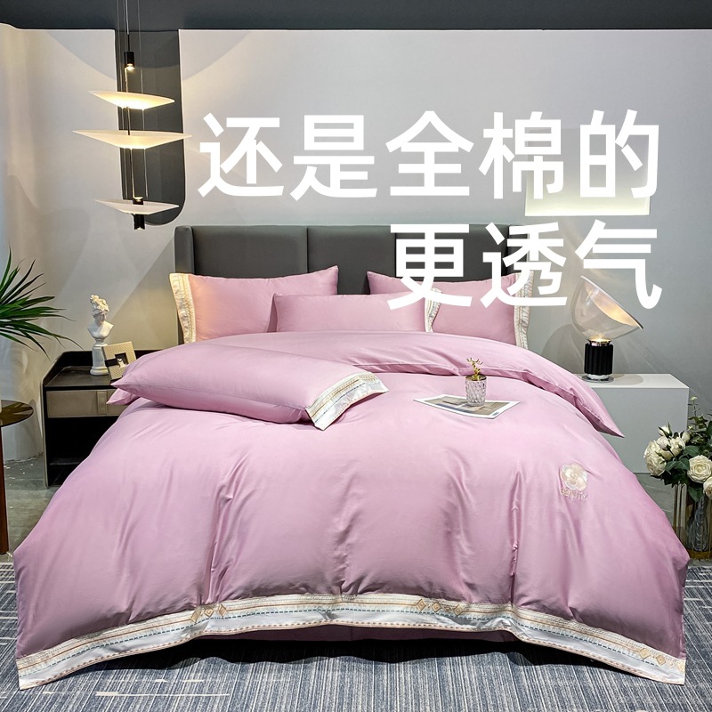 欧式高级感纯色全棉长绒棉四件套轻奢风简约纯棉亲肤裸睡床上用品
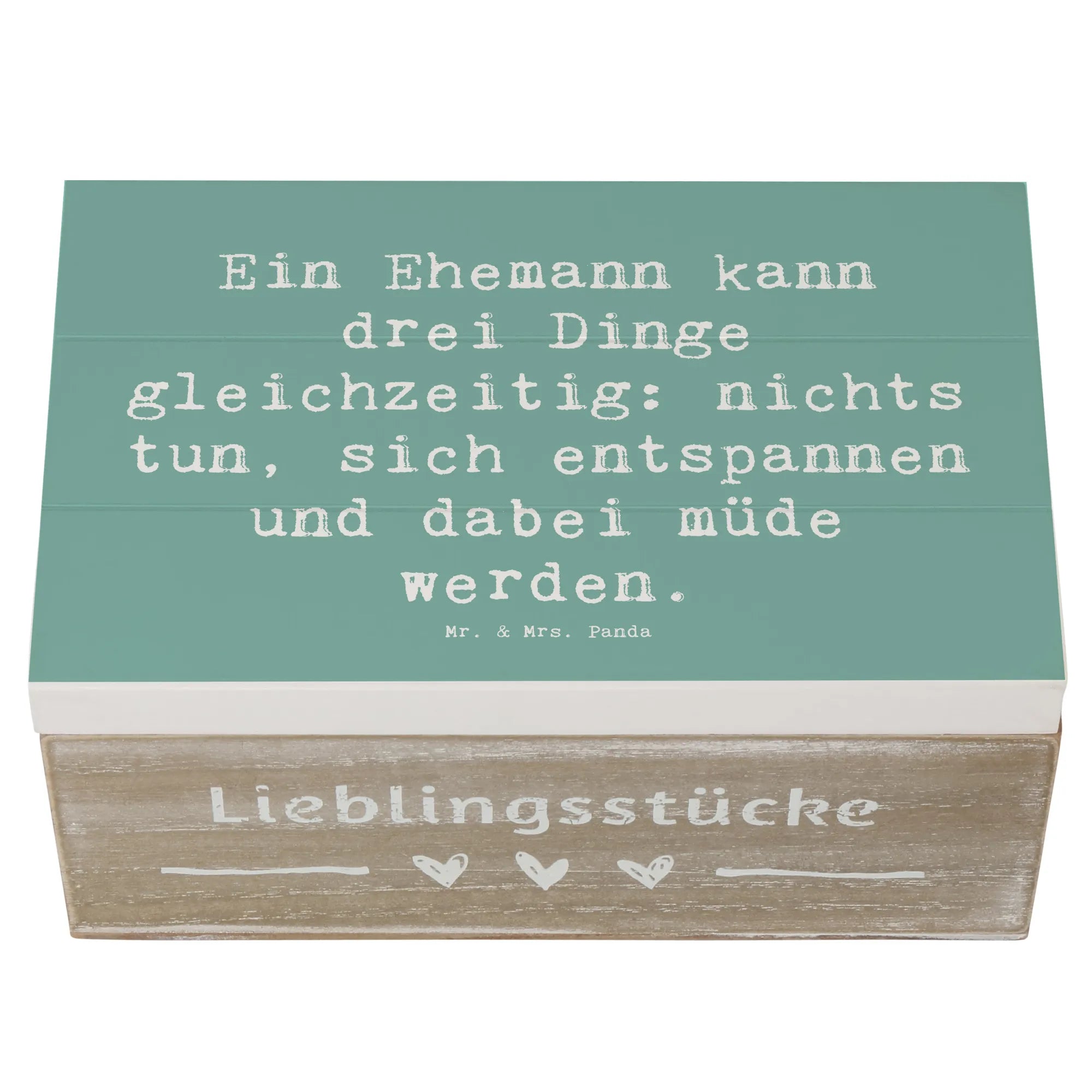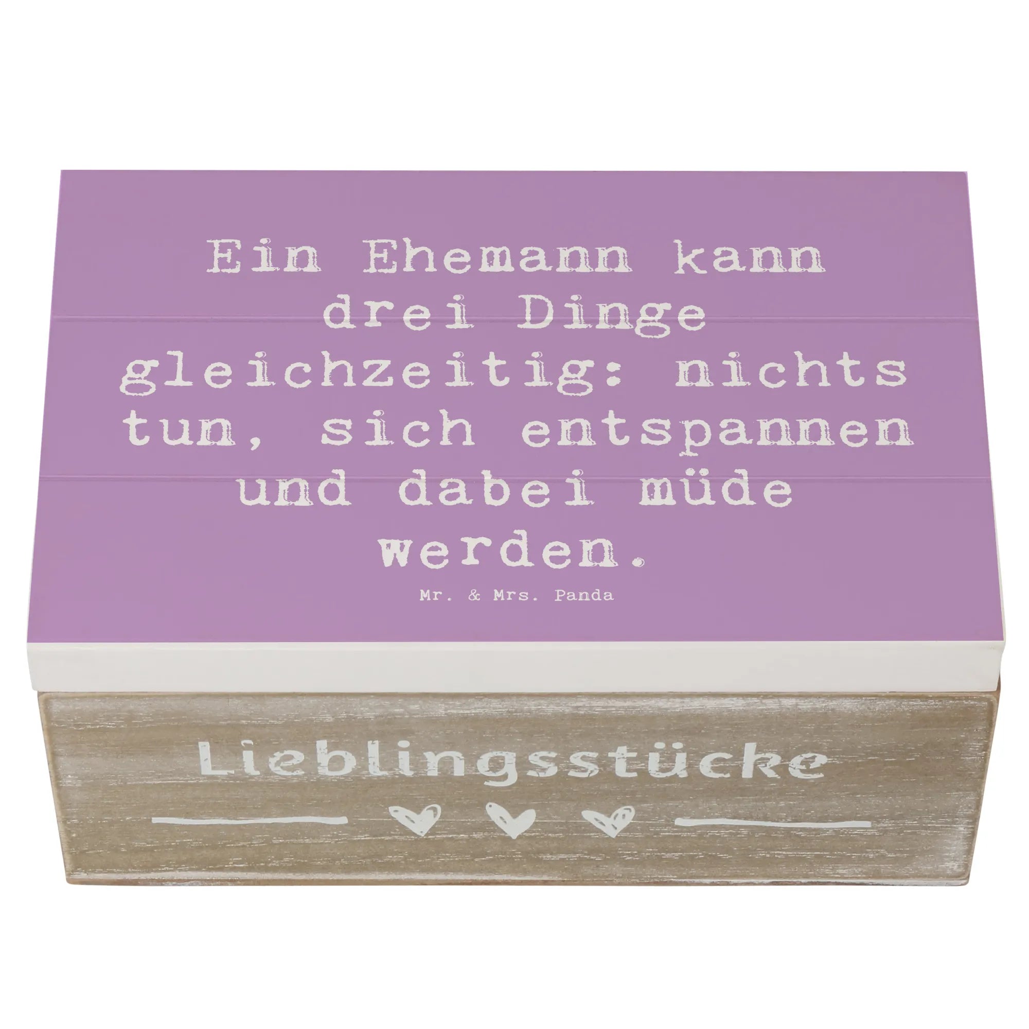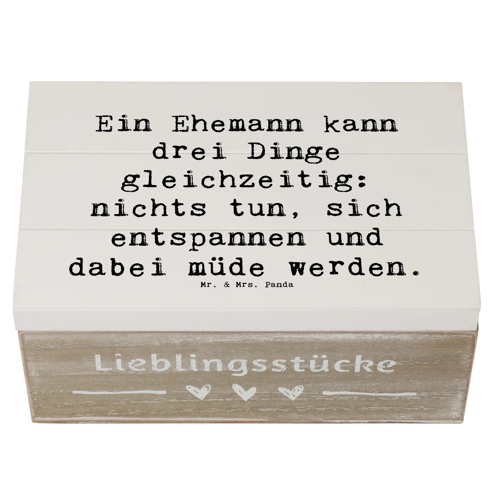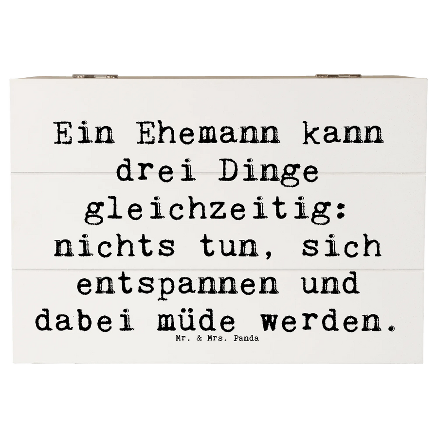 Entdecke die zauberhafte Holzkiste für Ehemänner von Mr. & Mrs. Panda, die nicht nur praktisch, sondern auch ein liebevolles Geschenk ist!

==

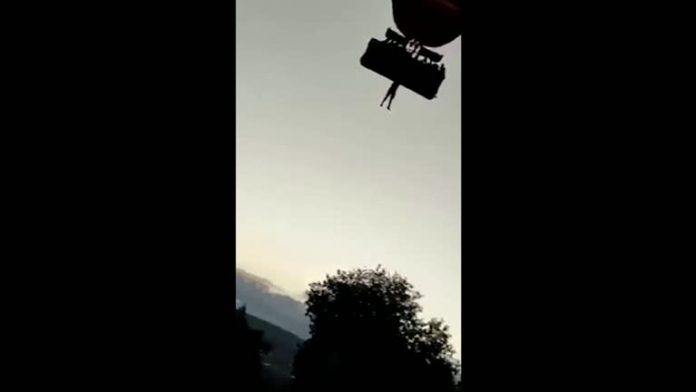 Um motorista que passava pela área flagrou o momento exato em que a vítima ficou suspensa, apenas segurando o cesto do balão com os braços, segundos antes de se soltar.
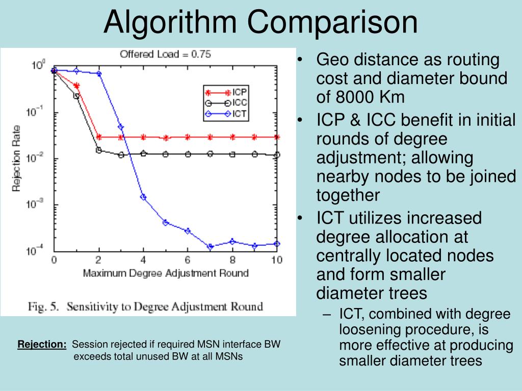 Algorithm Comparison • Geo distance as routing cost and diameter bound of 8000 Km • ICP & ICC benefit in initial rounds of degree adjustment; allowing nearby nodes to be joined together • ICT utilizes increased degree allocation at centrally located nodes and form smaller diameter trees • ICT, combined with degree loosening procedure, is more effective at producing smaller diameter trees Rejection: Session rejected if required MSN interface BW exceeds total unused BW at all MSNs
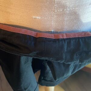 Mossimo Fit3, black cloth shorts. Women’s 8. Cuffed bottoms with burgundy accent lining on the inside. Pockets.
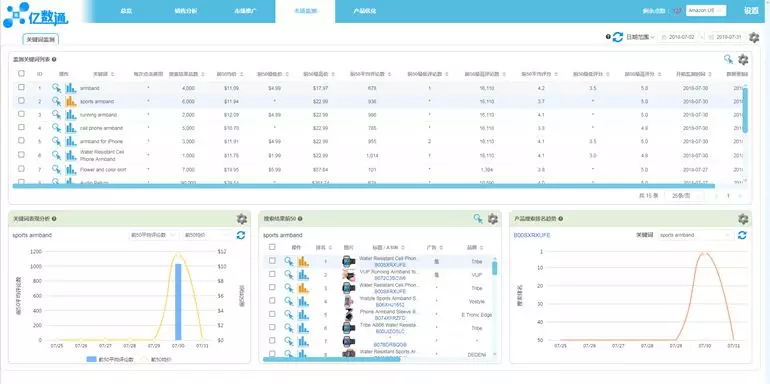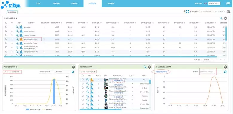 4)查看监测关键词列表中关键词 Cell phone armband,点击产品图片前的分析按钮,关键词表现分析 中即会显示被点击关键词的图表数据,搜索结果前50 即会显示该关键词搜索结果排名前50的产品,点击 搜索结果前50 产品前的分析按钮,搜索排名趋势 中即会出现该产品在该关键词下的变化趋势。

TASK OBJECTIVE: Output only the lines above from the line that holds "Mossimo Fit3, black" through the line that holds "4)查看监测关键词列表中关键词 Cell phone", both ends included, and exclude pictures.

YOUR RESPONSE:
 Mossimo Fit3, black cloth shorts. Women’s 8. Cuffed bottoms with burgundy accent lining on the inside. Pockets.
 4)查看监测关键词列表中关键词 Cell phone armband,点击产品图片前的分析按钮,关键词表现分析 中即会显示被点击关键词的图表数据,搜索结果前50 即会显示该关键词搜索结果排名前50的产品,点击 搜索结果前50 产品前的分析按钮,搜索排名趋势 中即会出现该产品在该关键词下的变化趋势。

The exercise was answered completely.